You guys are so wrapped up in this it kills me. BG was at least 20 games under .500 the last two years as "the man." BG basically had the same PER as Salmons, but wanted twice the money as a guy who had to be subbed at the most critical parts of games on defense. And as bad as Salmons has played this year, BG hasn't exactly helped Detroit win any games. Detroit's four game winning streak has completely coincided with a reduced role for BG or him being out. So they are a bad team without Rip and Prince, but they are a decent team without Rip, Prince and BG. BG is the third best SG on Detroit even. And the next time BG sniffs an all-star mention will be the first time bulls management even has to have a second thought about not resigning him. You guys are so short sighted and in such a big hurry for the bulls to be a nice 45-50 win team that it kind of sickens me. The one thing that Chicago doesn't have in common with the Lakers, Rockets, Suns, Spurs, is that they haven't had a franchise player to build around yet and won't until Rose develops. It took Jordan 7 years, Rose is only in his second year. It took 8 years to get him. It took the Celtics 21 years to get back to the championship. I really don't think you guys understand what it takes to get to a championship, especially with all this noise about BG, a guy who wouldn't even start on any of the current contenders.

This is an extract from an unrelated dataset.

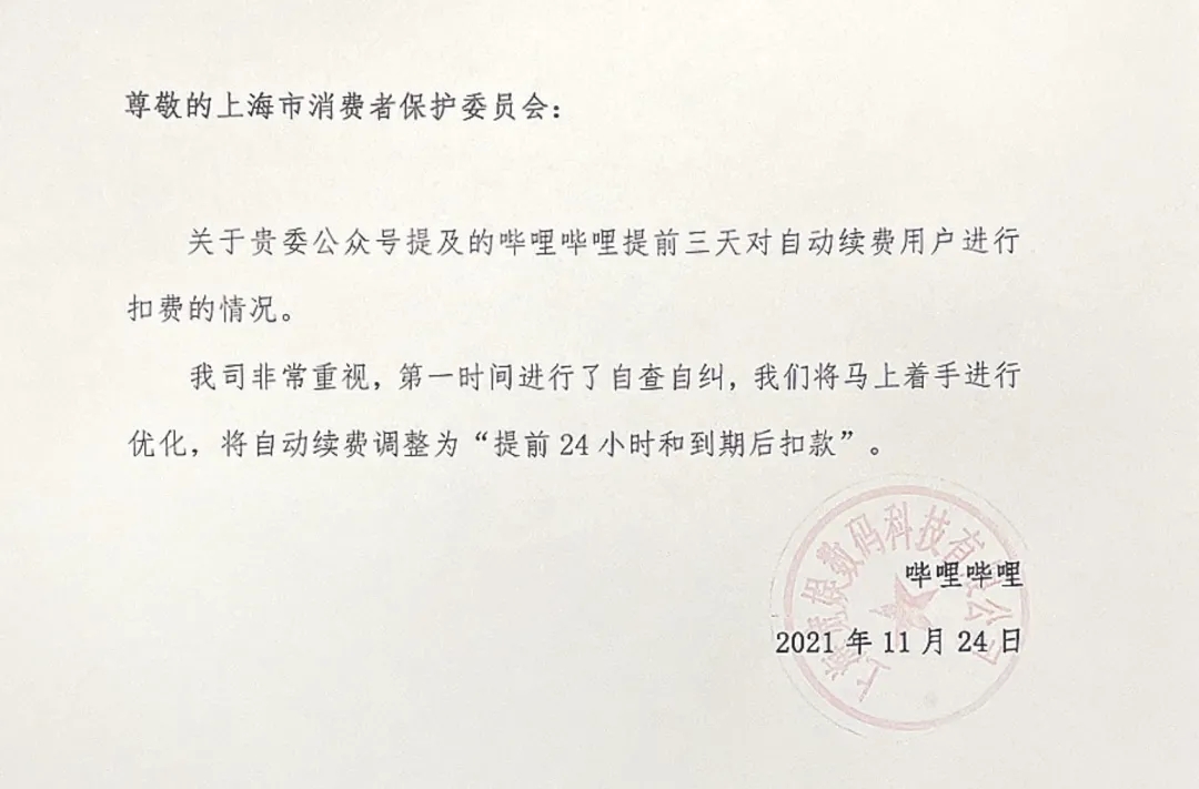 今天,上海市消保委就收到了嗶哩嗶哩就“自動續(xù)費提前3天扣款”的回應,公司表示非常重視,第一時間進行自查自糾,并將馬上著手進行優(yōu)化,將自動續(xù)費期限調整為“提前24小時和到期后扣款”。

This analysis is so far off I don't even know where to start. Comparing Gordon to Salmons Comparing Jordan to Rose
In reality, it has very little to do with Gordon in particular, and a lot more to do with Gordon as just another example of how bizarro this team is.
A theory of Jerry Reinsdorf: If you reward guys who don't deserve it, or don't believe they deserve it, they reward you with loyalty. If you pay a guy who believes he's worth every penny you're paying him, you won't be buying loyalty because you're making a fair trade.
lol...fwiw...At least as a player, John Paxson did have his own awful negotiation with Krause and Reinsdorf. Jordan had to intervene.
I recently browsed through and re-read what Smith said in the Jordan Rules about Paxson. It's pretty interesting. He concluded Paxson always sold him self short by looking at himself critically, and then being willing to accept being one of the league's lowest paid players because he saw his weaknesses much more clearly than he saw his strengths. In short, this is exactly the sort of guy Reinsdorf rewards. A guy who lacks confidence and will be truly pleased to get peanuts.
Well, I'm still not done with this team. The increase in on-court performance with short-termer Tyrus and Kirk coming back, and the increasingly clownishness of the front office has dovetailed nicely to boost interest.